For example if this was the data in the source field:
/app/appname/log/database-server-n5-server1234.domain.local.out

I would like to extract the following bits from the filename and create fields/tags for them:
instancenumber: "n5"
hostname: "server1234.domain.local.out"

I have tried the following but I keep getting config errors:
else if [type] == "AppCacheProxy" { grok { match => { "message" => "\A%{TIMESTAMP_ISO8601}%{NOTSPACE}%{SPACE}%{GREEDYDATA}" } match => { "@source_path", "app/appname/log/database-server-%{NOTSPACE:instancenumber}-%{NOTSPACE:hostname}.log" } break_on_match => false }

I also tried the following line in place of the one above:
match => { "source_path" => "app/appname/log/database-server-%{NOTSPACE:instancenumber}-%{NOTSPACE:hostname}.log" }

What is the best way to achieve this?

Regards

You should be able to do it using grok. Your pattern does however not seem to match the data. The pattern you provided ends in .log, which is not present in the sample data you provided, meaning it will not match.
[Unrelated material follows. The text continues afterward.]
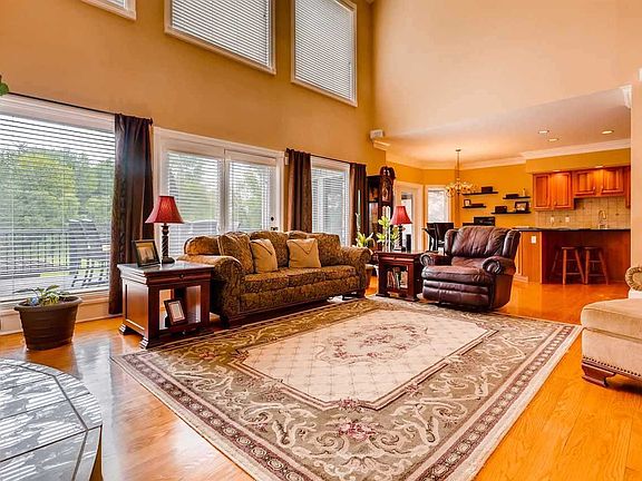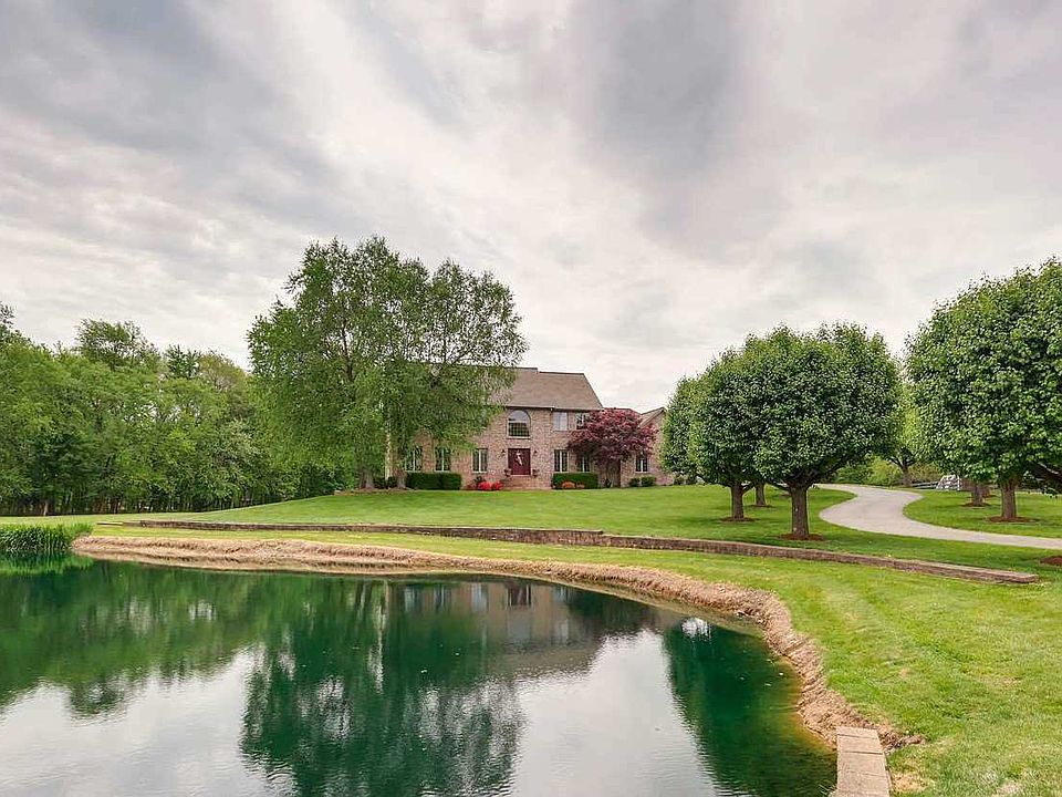 Tucked away down a tree-lined driveway, you will find over 5600 square feet of finished living area in this spectacular waterfront, 5-bedroom, 4.5-bath home on a picturesque setting with 4.765 acres of land. The home offers a 2-story foyer and great room, beautiful finishes, double crown molding, 2 fireplaces, hardwood floors, a fully-finished walk-out basement, and so much more. The eat-in kitchen boasts granite counters, an island with breakfast bar, and a separate formal dining room for entertaining. The main-level master retreat features a gorgeous full bath with a double vanity, glassed tile shower, dressing vanity, large storage cabinets, and a hot tub room off the bath. An office, laundry room, and half bath complete the main level. Upstairs you will find four large bedrooms and two full baths. The lower level of the home offers a family room with bar, a theater room, a rec room, and a game room, along with a full bath. Outside you will fall in love with the balcony deck off the great room, covered patio off the walk-out basement, pergola with rock fountain, meticulously-kept landscaping, extra parking area, tree-lined acreage, and the breathtaking views surrounding the home and lake. This home is sure to impress!

Apologies, that was an error on my part - however, in the actually test environment the details are in fact correct.

The data does not seem to be parsing for some reason.

Please provide the data and configuration that is not working. It will be a lot easier for someone to help if that is available.

Hello

Sure, I'll list it all below. To summarise, I am trying to extract different parts of the filename using grok.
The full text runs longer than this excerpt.